Ishida H, Yang G, Harada N, Hastings R L, Castle B E, Kastelein R, Miyajima A, Howard M
DNAX Research Institute of Molecular and Cellular Biology, Incorporated, Palo Alto, California 94304.
Cell Immunol. 1991 Aug;136(1):142-54. doi: 10.1016/0008-8749(91)90389-s.

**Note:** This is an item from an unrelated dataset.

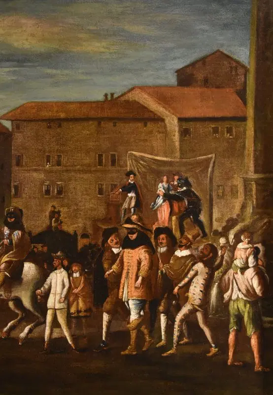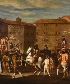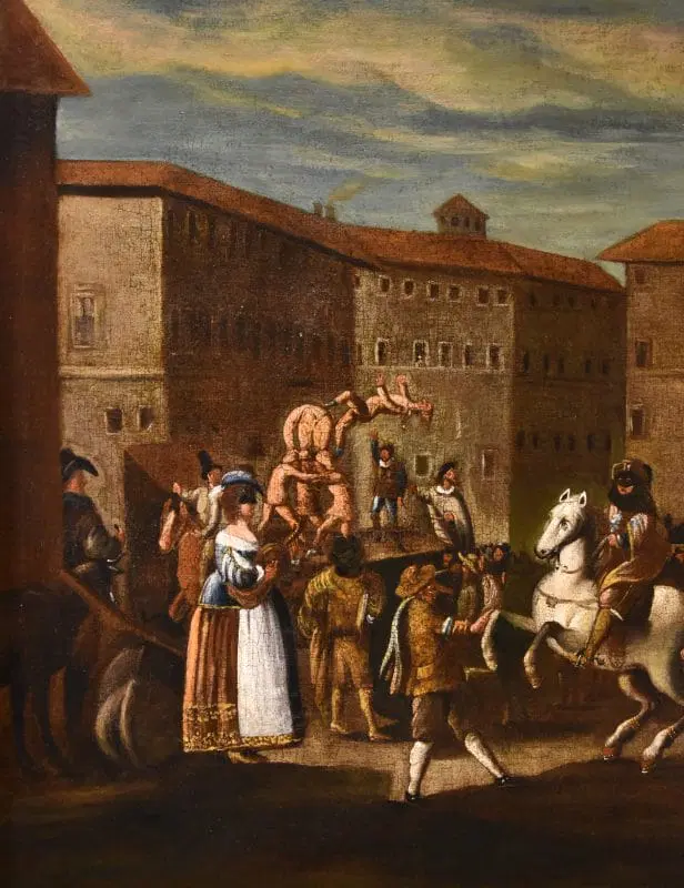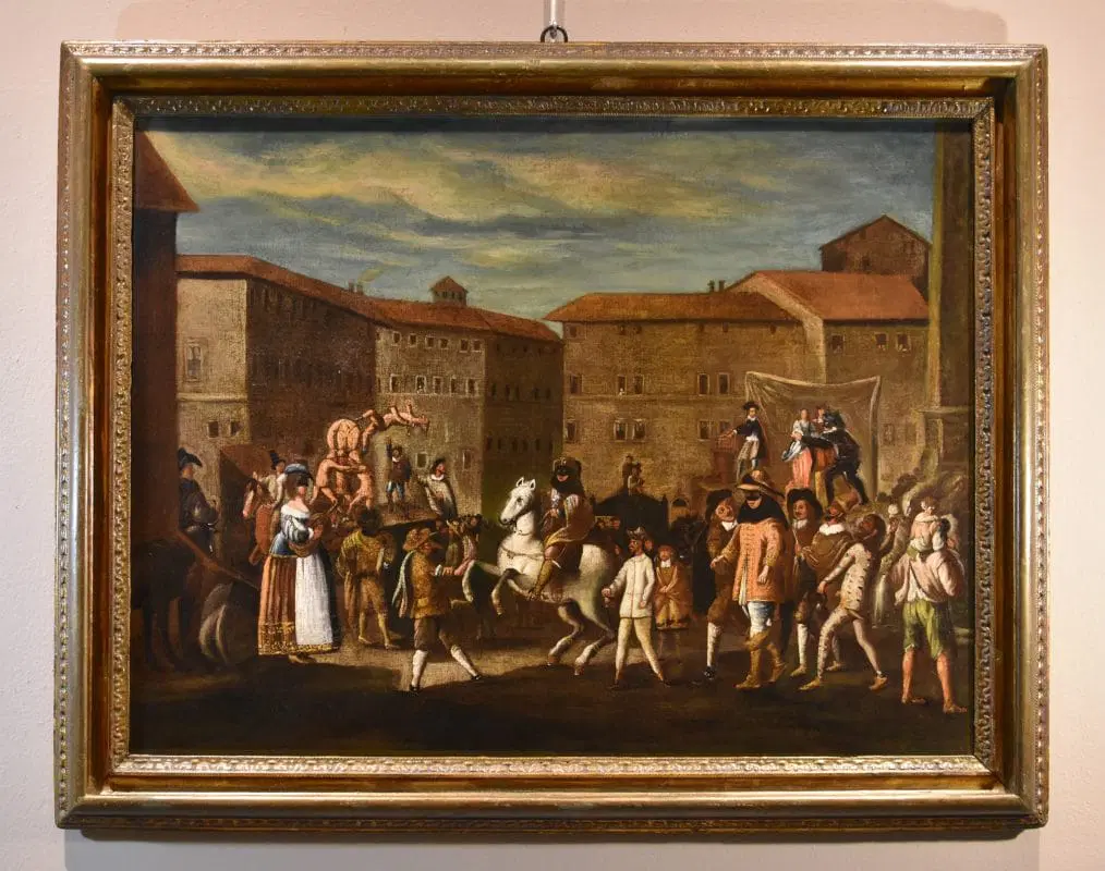 Tra i diversi pittori che raffigurarono scene carnevalesche, un posto di riguardo spetta al romano Michelangelo Cerquozzi (Roma 1602 – 1660), alla cui bottega possiamo agevolmente ricondurre la nostra opera.
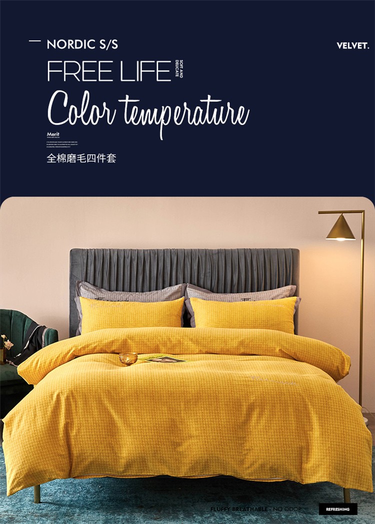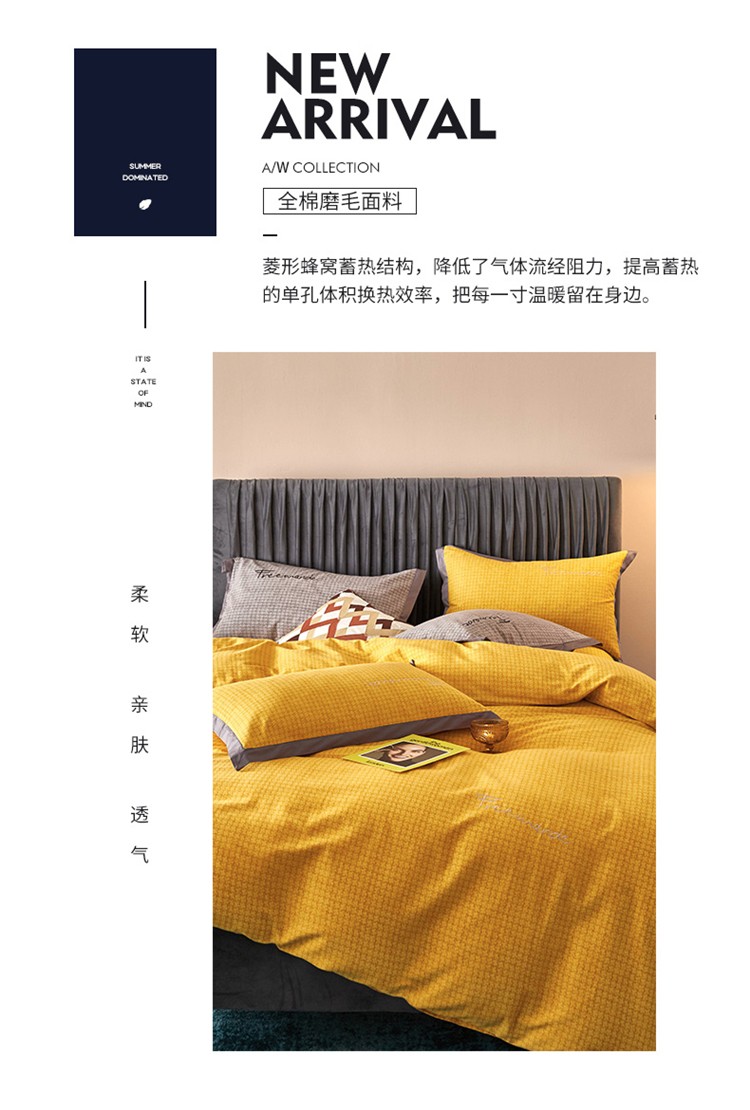 凡客2021秋冬新款全棉磨毛刺绣四件套-潘多拉 潘多拉(黄)

Anti-receptor antibodies have previously been used in two cytokine systems (IL-1 and TNF alpha) to identify the existence of different cytokine receptors on different cell types. In this study, we have similarly used two approaches to evaluate whether IL-4 receptors on different cell types are identical, or whether more than one species of IL-4 receptor exists. The first approach involved production of monoclonal antibodies specific for the IL-4 receptor expressed by the murine mast cell line, MC/9. Six anti-IL-4 receptor monoclonal antibodies were produced against the purified soluble extracellular domain of the recombinant IL-4 receptor derived from MC/9 cells. These antibodies were capable of binding to and specifically immunoprecipitating the soluble extracellular domain of the recombinant mast cell IL-4 receptor. Following biotinylation of the antibodies and addition of phycoerythrin-streptavidin, their binding to cell associated IL-4 receptors on MC/9 mast cells could be readily visualized by immunofluorescence. Using this approach, the anti-mast cell IL-4R antibodies were found to specifically bind IL-4 receptors expressed on a variety of other murine cell types, including T cells, B cells, macrophages, fibroblasts, and L cells. The antibodies did not bind to two human cell lines known to bind human but not murine IL-4. The intensity of staining was directly related to the number of IL-4 binding sites identified previously by receptor-ligand equilibrium binding analyses. As a second approach to evaluating potential receptor heterogeneity, we constructed S1 nuclease protection assay probes for two separate regions of the mast cell IL-4 receptor, one located in the extracellular domain and one in the intracellular domain. Subsequent S1 analyses showed that both regions are expressed by the following types of cells: T cells, B cells, macrophages, myeloid cells, L cells, and stromal cells. The two approaches used in this study therefore indicate that the same or highly similar IL-4 receptor species is expressed by a wide variety of hemopoietic and nonhemopoietic cells. Since the anti-IL-4 receptor antibodies produced in this study did not block binding of IL-4 to its receptor, we cannot exclude the possible existence of a second type of IL-4R coexpressed on the cells tested in this study, or expressed uniquely by other cell types that were not investigated.
抗受体抗体先前已用于两种细胞因子系统(白细胞介素-1和肿瘤坏死因子α),以确定不同细胞类型上不同细胞因子受体的存在。在本研究中,我们同样采用了两种方法来评估不同细胞类型上的白细胞介素-4受体是否相同,或者是否存在不止一种类型的白细胞介素-4受体。第一种方法涉及制备针对小鼠肥大细胞系MC/9表达的白细胞介素-4受体的单克隆抗体。针对源自MC/9细胞的重组白细胞介素-4受体的纯化可溶性细胞外结构域制备了六种抗白细胞介素-4受体单克隆抗体。这些抗体能够结合并特异性免疫沉淀重组肥大细胞白细胞介素-4受体的可溶性细胞外结构域。在抗体进行生物素化并添加藻红蛋白-链霉亲和素后,它们与MC/9肥大细胞上细胞相关白细胞介素-4受体的结合可通过免疫荧光轻松观察到。使用这种方法,发现抗肥大细胞白细胞介素-4R抗体特异性结合多种其他小鼠细胞类型上表达的白细胞介素-4受体,包括T细胞、B细胞、巨噬细胞、成纤维细胞和L细胞。这些抗体不与已知能结合人而非小鼠白细胞介素-4的两种人细胞系结合。染色强度与先前通过受体-配体平衡结合分析确定的白细胞介素-4结合位点数量直接相关。作为评估潜在受体异质性的第二种方法,我们构建了针对肥大细胞白细胞介素-4受体两个不同区域的S1核酸酶保护分析探针,一个位于细胞外结构域,一个位于细胞内结构域。随后的S1分析表明,这两个区域在以下细胞类型中均有表达:T细胞、B细胞、巨噬细胞、髓细胞、L细胞和基质细胞。因此,本研究中使用的两种方法表明,多种造血和非造血细胞表达相同或高度相似的白细胞介素-4受体类型。由于本研究中产生的抗白细胞介素-4受体抗体并未阻断白细胞介素-4与其受体的结合,我们不能排除在本研究测试的细胞上共表达的第二种类型白细胞介素-4受体的可能存在,或者未研究的其他细胞类型独特表达的白细胞介素-4受体的可能存在。